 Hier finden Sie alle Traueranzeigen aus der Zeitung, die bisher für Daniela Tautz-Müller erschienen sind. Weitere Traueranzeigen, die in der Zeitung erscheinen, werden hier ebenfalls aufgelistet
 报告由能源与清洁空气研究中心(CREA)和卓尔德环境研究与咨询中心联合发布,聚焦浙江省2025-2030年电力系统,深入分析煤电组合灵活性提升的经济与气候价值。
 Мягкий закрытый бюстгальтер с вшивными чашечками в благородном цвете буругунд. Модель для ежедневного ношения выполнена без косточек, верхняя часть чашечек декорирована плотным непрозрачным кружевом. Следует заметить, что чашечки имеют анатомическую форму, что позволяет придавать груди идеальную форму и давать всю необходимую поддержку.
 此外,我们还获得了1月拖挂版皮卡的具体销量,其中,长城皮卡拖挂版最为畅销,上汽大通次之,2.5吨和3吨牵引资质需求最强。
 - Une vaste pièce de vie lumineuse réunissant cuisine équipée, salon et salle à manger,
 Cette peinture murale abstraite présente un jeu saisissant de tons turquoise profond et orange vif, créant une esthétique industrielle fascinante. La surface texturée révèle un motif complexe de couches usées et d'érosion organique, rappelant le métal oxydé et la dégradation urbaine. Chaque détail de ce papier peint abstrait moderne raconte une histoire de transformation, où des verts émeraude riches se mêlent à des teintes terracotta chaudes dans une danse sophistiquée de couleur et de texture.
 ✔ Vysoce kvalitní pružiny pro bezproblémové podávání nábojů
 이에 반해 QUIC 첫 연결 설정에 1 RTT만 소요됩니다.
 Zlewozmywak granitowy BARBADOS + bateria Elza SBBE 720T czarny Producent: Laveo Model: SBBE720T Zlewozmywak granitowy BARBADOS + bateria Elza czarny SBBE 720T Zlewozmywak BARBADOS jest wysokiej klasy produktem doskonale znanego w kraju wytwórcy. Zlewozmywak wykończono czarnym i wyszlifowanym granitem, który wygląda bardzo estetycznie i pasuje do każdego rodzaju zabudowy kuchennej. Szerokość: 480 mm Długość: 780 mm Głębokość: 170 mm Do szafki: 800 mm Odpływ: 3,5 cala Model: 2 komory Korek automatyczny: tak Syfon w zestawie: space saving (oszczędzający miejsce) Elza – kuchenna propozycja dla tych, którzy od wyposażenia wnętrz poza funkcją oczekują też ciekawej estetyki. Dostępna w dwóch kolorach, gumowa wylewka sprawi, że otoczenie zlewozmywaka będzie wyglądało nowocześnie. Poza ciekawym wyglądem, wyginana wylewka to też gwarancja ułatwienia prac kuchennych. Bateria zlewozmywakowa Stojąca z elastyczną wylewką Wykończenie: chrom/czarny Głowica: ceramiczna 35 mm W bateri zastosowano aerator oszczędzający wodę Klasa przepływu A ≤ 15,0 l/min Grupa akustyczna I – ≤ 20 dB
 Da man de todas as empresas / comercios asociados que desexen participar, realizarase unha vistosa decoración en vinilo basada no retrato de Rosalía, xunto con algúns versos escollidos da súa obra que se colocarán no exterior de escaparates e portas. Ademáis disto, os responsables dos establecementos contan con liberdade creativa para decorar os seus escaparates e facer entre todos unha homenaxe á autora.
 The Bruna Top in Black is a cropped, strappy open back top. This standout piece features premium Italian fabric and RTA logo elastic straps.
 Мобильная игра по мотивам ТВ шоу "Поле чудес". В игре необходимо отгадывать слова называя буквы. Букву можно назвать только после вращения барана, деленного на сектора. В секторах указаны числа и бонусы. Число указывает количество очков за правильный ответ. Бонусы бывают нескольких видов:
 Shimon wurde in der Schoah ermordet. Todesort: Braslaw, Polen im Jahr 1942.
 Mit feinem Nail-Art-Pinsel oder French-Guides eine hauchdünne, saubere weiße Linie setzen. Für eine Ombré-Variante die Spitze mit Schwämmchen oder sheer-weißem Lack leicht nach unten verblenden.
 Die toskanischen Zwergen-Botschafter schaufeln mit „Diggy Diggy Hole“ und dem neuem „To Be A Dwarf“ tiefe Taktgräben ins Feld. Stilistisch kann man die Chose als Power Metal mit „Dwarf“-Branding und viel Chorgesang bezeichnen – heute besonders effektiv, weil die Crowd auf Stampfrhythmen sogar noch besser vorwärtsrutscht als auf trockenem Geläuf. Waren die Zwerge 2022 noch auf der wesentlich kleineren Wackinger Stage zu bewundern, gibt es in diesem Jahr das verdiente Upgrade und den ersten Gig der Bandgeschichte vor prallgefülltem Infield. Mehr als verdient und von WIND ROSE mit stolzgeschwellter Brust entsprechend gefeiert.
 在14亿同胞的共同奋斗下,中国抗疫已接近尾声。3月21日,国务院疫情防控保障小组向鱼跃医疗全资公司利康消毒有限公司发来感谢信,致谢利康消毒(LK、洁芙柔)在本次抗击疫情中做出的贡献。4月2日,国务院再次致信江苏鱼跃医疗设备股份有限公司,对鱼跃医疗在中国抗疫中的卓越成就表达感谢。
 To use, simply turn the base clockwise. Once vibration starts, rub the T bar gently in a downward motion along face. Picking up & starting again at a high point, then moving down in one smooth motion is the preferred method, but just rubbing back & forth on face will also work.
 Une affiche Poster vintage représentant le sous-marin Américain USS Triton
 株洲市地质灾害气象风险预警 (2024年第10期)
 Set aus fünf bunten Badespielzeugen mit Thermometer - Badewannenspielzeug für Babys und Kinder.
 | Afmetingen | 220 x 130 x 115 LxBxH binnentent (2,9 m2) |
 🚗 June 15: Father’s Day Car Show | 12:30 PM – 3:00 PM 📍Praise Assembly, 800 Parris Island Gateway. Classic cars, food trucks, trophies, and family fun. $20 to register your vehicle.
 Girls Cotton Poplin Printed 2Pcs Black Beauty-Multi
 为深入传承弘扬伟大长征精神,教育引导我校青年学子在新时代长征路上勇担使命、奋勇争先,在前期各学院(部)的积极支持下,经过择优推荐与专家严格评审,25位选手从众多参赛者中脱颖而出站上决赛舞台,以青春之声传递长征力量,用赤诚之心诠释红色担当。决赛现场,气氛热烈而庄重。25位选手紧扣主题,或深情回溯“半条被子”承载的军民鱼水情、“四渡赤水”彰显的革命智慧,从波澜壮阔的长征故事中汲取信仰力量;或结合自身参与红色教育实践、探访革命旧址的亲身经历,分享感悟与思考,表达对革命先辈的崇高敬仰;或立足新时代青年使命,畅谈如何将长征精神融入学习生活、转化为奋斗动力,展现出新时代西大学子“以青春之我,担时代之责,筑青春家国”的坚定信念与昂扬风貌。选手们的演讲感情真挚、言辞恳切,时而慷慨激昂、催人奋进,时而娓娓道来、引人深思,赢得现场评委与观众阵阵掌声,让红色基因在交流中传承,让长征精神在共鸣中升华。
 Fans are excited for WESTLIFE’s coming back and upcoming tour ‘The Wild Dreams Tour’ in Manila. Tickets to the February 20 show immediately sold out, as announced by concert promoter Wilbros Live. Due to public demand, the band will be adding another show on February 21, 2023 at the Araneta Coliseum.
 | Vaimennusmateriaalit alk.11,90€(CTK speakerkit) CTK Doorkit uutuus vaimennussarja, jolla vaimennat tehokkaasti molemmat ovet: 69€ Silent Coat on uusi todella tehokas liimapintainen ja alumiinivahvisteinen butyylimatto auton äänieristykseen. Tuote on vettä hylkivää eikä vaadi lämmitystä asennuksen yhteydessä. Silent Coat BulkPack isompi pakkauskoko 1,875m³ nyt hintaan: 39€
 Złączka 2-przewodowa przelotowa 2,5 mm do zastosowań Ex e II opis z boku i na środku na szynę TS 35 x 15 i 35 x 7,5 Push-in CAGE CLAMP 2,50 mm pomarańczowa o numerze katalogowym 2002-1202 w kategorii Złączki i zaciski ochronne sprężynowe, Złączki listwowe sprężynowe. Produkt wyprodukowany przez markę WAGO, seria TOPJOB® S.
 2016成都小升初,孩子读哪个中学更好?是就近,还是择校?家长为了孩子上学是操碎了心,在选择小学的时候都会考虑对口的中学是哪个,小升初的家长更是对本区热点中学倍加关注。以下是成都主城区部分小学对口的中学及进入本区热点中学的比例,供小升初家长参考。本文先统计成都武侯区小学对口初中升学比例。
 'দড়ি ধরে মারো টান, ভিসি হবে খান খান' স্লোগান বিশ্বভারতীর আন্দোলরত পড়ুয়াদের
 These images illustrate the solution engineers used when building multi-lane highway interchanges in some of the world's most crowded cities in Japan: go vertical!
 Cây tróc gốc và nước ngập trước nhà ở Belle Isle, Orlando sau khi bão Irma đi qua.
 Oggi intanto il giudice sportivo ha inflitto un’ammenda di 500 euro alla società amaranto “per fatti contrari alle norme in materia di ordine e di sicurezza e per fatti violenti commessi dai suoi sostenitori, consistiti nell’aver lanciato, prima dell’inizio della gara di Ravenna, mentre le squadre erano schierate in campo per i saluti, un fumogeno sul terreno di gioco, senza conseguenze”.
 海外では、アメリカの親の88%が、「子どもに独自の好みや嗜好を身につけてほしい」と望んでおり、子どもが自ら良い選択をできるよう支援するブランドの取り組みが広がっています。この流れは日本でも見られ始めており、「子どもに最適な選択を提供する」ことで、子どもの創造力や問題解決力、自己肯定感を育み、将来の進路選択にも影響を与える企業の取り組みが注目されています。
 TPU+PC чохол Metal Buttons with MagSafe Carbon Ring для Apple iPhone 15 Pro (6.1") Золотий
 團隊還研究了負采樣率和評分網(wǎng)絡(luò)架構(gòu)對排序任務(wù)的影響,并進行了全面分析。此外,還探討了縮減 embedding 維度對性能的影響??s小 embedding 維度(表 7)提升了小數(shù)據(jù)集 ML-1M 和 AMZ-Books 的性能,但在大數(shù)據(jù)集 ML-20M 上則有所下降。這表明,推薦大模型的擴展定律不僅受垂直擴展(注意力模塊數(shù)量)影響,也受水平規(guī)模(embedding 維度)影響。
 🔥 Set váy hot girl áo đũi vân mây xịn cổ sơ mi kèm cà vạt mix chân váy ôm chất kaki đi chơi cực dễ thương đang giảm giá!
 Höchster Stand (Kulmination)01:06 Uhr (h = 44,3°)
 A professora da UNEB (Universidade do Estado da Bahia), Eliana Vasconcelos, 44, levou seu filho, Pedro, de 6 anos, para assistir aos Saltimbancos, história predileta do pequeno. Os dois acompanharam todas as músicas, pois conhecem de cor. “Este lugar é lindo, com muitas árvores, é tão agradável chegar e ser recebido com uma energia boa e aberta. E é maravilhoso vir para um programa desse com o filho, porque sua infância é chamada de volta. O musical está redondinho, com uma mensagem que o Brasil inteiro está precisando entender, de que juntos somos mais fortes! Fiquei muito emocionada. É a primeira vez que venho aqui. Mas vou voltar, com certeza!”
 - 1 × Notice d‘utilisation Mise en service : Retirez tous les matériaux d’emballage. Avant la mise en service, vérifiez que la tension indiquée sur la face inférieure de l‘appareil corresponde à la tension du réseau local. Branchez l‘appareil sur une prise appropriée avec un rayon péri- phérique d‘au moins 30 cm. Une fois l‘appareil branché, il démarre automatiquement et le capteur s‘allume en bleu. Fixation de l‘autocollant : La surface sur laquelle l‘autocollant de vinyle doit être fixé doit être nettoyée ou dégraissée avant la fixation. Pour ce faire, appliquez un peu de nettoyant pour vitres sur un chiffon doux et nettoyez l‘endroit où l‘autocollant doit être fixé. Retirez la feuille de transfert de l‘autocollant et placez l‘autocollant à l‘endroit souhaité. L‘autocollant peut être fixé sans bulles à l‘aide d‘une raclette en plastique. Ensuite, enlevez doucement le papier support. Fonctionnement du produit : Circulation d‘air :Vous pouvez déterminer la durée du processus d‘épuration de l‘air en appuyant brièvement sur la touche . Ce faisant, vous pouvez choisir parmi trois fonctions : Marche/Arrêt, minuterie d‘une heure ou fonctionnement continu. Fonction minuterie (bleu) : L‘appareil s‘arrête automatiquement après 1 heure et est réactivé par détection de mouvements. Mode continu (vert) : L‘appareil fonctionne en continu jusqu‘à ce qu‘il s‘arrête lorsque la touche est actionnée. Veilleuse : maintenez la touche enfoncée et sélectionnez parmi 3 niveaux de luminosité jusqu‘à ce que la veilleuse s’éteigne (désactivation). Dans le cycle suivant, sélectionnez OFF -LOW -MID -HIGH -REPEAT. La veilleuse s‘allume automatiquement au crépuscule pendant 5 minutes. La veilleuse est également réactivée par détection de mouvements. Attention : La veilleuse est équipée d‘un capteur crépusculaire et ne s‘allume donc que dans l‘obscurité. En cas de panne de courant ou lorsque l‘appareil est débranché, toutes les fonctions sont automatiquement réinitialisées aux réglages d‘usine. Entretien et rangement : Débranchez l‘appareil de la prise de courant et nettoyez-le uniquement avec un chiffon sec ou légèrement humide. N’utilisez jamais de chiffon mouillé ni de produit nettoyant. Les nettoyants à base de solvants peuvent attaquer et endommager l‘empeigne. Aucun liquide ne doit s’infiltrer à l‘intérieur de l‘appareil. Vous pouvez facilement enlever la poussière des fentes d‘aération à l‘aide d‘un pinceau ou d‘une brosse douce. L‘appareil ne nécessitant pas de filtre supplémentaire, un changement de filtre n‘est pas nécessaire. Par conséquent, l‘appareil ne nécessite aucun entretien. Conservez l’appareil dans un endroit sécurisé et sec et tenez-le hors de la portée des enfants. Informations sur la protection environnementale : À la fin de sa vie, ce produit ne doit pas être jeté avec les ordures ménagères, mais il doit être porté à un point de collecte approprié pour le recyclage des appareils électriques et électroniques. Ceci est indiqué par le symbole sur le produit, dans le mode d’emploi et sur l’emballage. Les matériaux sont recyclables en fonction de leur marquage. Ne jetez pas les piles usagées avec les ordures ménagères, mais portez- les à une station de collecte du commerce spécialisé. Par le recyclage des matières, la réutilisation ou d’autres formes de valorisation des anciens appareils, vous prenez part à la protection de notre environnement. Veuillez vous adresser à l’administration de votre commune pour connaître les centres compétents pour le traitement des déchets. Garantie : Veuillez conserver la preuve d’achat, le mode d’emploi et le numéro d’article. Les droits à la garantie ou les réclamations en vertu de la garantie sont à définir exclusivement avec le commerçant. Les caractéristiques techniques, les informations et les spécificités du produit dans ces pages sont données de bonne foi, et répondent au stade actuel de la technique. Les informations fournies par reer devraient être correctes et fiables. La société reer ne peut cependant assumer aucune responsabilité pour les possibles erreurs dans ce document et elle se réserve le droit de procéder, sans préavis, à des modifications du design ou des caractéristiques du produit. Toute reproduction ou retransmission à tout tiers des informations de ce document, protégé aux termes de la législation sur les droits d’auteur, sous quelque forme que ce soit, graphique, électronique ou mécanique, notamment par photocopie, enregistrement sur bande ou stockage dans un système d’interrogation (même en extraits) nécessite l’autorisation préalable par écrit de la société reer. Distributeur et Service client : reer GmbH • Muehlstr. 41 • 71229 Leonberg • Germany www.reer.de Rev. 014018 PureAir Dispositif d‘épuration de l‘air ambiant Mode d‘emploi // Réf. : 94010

○ ○ ○ ○ ○ ○ ○

# [WORK REQUEST]
Working down the entries above, count each line in which "Black" occurs, and state only the resulting number.

# [ANSWER SECTION]
2